# Provided data:
....

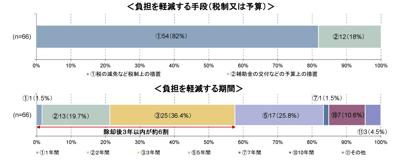 空き家除却後の更地については固定資産税の住宅用地特例が外れ、税負担が急増することから、空き家の解体が進まない状況にありました。これに対し、一部の自治体では条例等により一定の空き家に対して除却後の税負担を軽減する措置が取られています。国土交通省の調査では、回答した66自治体のうち約8割は固定資産税の減免を、約2割は補助金の交付等を行っています。税の減免期間は除却後3年以内が約6割を占めますが、7年~10年に及ぶ自治体もみられます(図表10-1)。
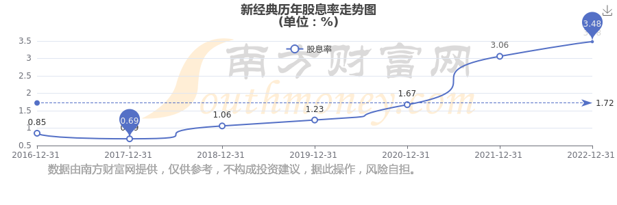 近年新經(jīng)典年度股息率走勢如下圖:
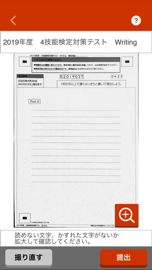 <4技能検定対策テスト Writing提出カメラ>アプリは、<4技能検定対策テスト>のWritingの解答用紙をiPhone、iPadで撮影し、提出することができる提出専用アプリです。
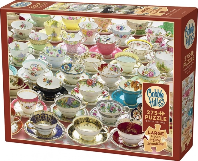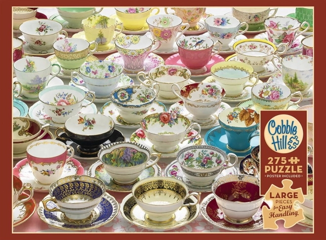 Puzzle COBBLE HILL More Cups XL 275 pieces is an ideal choice for anyone seeking comfortable yet engaging puzzling. The extra-large pieces of roughly 3 cm are easy to hold, reduce eye strain, and support fine motor skills. The non-standard piece shaping, which does not follow a typical grid, increases both enjoyment and satisfaction from assembly.

....

# Problem to solve:
Restate word for word the lines beginning with the one that contains "<4技能検定対策テスト Wr" and ending with the last line of the listing; pictures stay out.

# Answer to the exercise:
 <4技能検定対策テスト Writing提出カメラ>アプリは、<4技能検定対策テスト>のWritingの解答用紙をiPhone、iPadで撮影し、提出することができる提出専用アプリです。
 Puzzle COBBLE HILL More Cups XL 275 pieces is an ideal choice for anyone seeking comfortable yet engaging puzzling. The extra-large pieces of roughly 3 cm are easy to hold, reduce eye strain, and support fine motor skills. The non-standard piece shaping, which does not follow a typical grid, increases both enjoyment and satisfaction from assembly.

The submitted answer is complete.